- TASK
Reproduce from the records below, with no pictures, exactly the lines between the one containing "En Forhøjet Version" and the one containing "This grilled vegan", inclusive.

- DATASET ENTRIES
· · · · · · ·

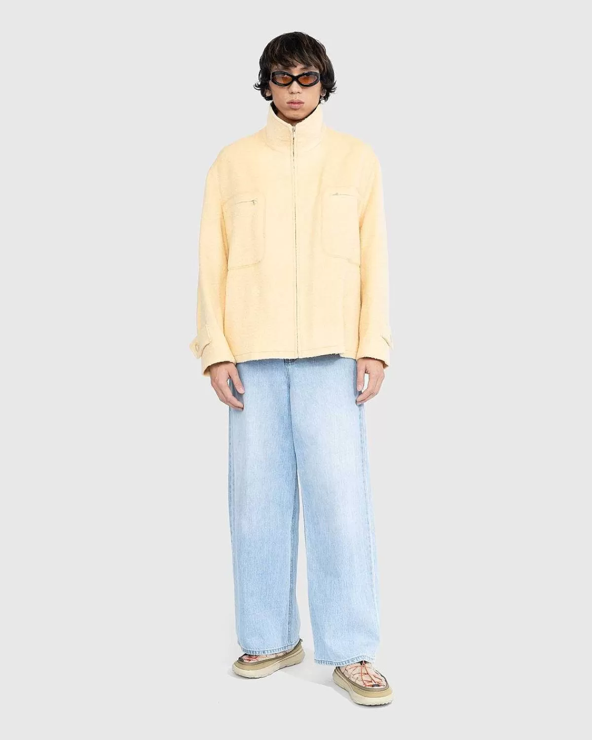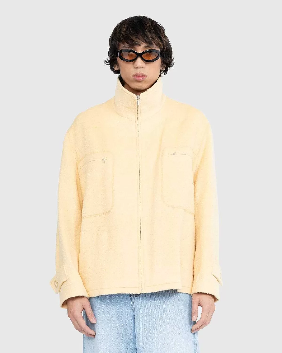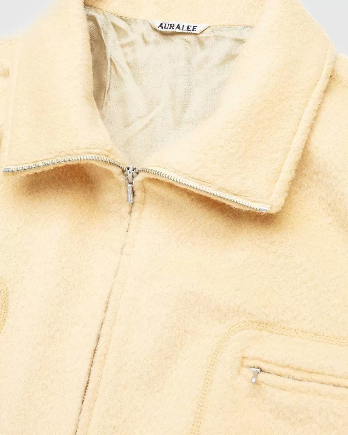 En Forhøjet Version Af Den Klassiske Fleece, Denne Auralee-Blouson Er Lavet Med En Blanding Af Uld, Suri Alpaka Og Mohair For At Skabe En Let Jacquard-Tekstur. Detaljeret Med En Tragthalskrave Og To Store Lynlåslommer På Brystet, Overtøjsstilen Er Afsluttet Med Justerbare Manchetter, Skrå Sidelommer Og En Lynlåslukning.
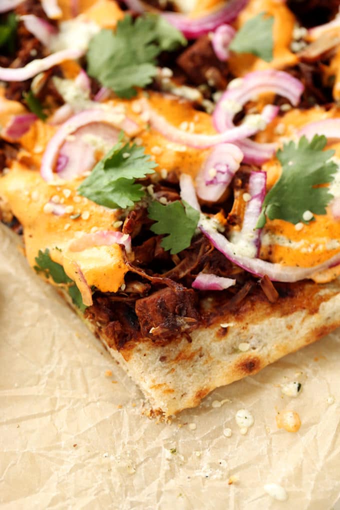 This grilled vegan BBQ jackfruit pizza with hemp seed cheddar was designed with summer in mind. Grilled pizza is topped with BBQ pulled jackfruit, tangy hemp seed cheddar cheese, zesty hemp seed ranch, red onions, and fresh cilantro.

· · · · · · ·

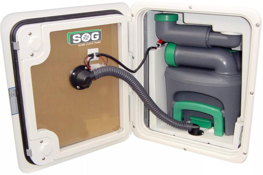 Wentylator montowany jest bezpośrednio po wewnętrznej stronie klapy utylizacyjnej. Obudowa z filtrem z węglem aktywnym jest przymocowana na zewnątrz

· · · · · · ·

- TASK OUTPUT
 En Forhøjet Version Af Den Klassiske Fleece, Denne Auralee-Blouson Er Lavet Med En Blanding Af Uld, Suri Alpaka Og Mohair For At Skabe En Let Jacquard-Tekstur. Detaljeret Med En Tragthalskrave Og To Store Lynlåslommer På Brystet, Overtøjsstilen Er Afsluttet Med Justerbare Manchetter, Skrå Sidelommer Og En Lynlåslukning.
 This grilled vegan BBQ jackfruit pizza with hemp seed cheddar was designed with summer in mind. Grilled pizza is topped with BBQ pulled jackfruit, tangy hemp seed cheddar cheese, zesty hemp seed ranch, red onions, and fresh cilantro.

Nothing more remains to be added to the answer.